When we talk about a multi-dimensional view of the customer - we refer to view of the customer purely from the business perspective. Usually, these “business perspectives” are related to profitability, risk, responsiveness, loyalty, behavior and preferences.
Therefore, to be able to see a single customer along these dimensions would undoubtedly give an organization an incredible competitive advantage in being able to serve customers better and in return being awarded by customer’s larger share of his wallet.
And this can certainly be achieved by using predictive analytics. Since output of predictive analytics are often probabilities (in the case of binary or ordinary target variables) we would be able to see probabilities that customer will respond, buy, default on credit, leaves us for competition, become valuable customer, or anything else that is in interest to us. If we add to this customer purchasing affinity and purchasing behavior – we have all ingredients to devise the best specific action toward that customer.

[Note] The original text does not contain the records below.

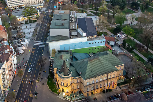 Belgrade Serbia March 31 2019 Belgrade Panorama Photographed From The Air The Photo Shows Yugoslav Drama Theatre Students Cultural Center Manjez Park And Cvetni Trg Or Flower Square Buy This Stock
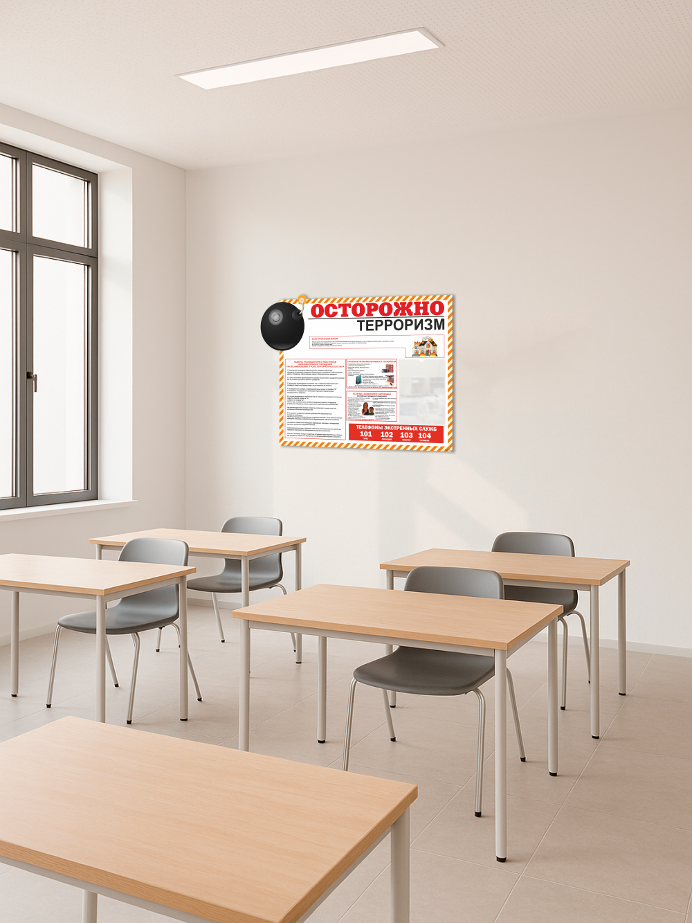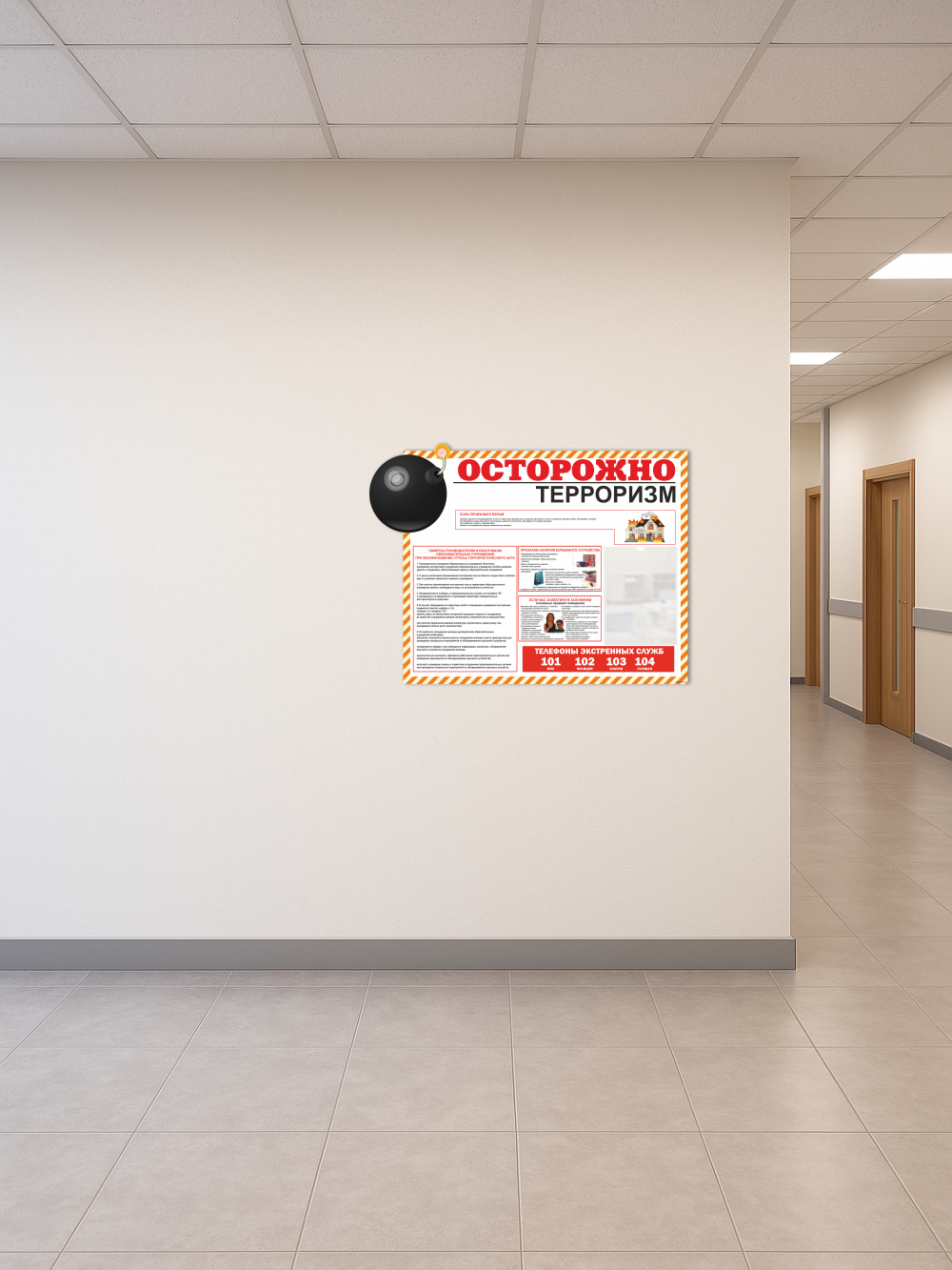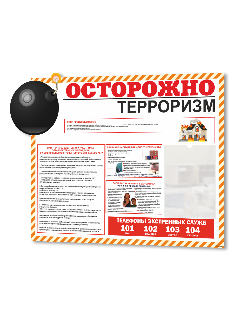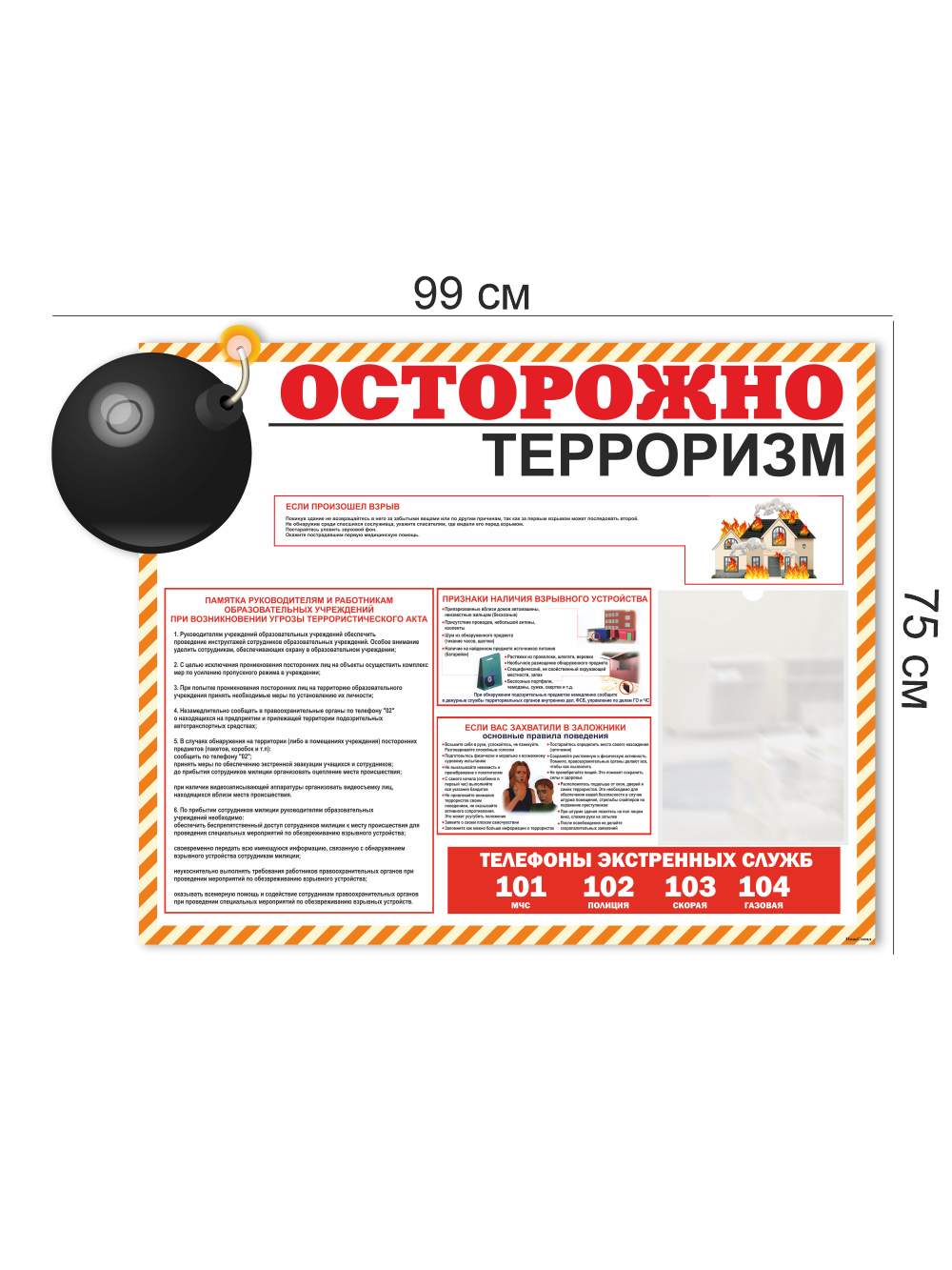 Стенд «Осторожно: терроризм» 99×75 см выполнен из прочного ПВХ 3 мм и напечатан стойкой УФ-печатью, которая не выцветает и не боится влажности. На обороте установлена клейкая монтажная лента, позволяющая закрепить стенд без сверления.
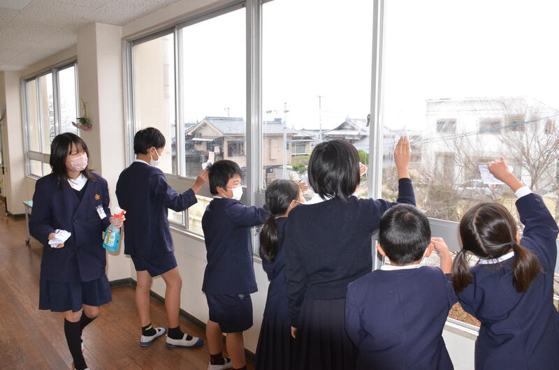 11月17日(木)の業間に、体育・環境委員会が企画しましたクリーンタイムを行いました。今回はガラス窓拭きをしました。6年生のリーダーが、縦割り班のメンバーを担当する場所に案内して、ガラス窓を拭いたり、磨いたりしました。大掃除には少し早いですが、これをいい機会にして年末までに全部の窓をきれいにしていきたいです。
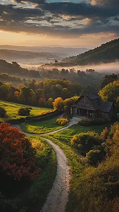 This picture makes me want to grab a backpack and a good book and just disappear for a while. Imagine waking up in that cabin, surrounded by rolling hills and misty forests. It looks like the perfect place to escape the hustle and bustle of everyday life, and just relax. Maybe you could even take a walk down the winding path and see where it leads!

Let's say - if a customer is of low value to you, who cares about his loyalty and preferences? You don’t want to waste a cent of marketing budget on him. In fact, you want to open the door as wide as you can and let him go. On the contrary - the customer in the highest value segment whose loyalty scores are dwindling deserves to be phoned by your top account managers to see how you can improve your service to him. And if you know his preferences and buying habits - you know what to offer him to have him re-think his intention to leave you.
This assumes that his initial grievances that lead to his decision to leave you – are addressed. If your product is too costly for the real or perceived value of that customer is getting – analytics will not help you change his mind. Improving quality for the better price will – but at least analytics have brought you that customer, and how you going to respond – is up to you.
So we can see that - at this level, analytics are no longer used for decision support – they are used for decision making. This is what I call “holy grail” of big-data analytics. Unfortunately, only few are doing it in this way, and for those companies who use analytics at that level and for those purposes – pay-offs are huge, but you may never know about it.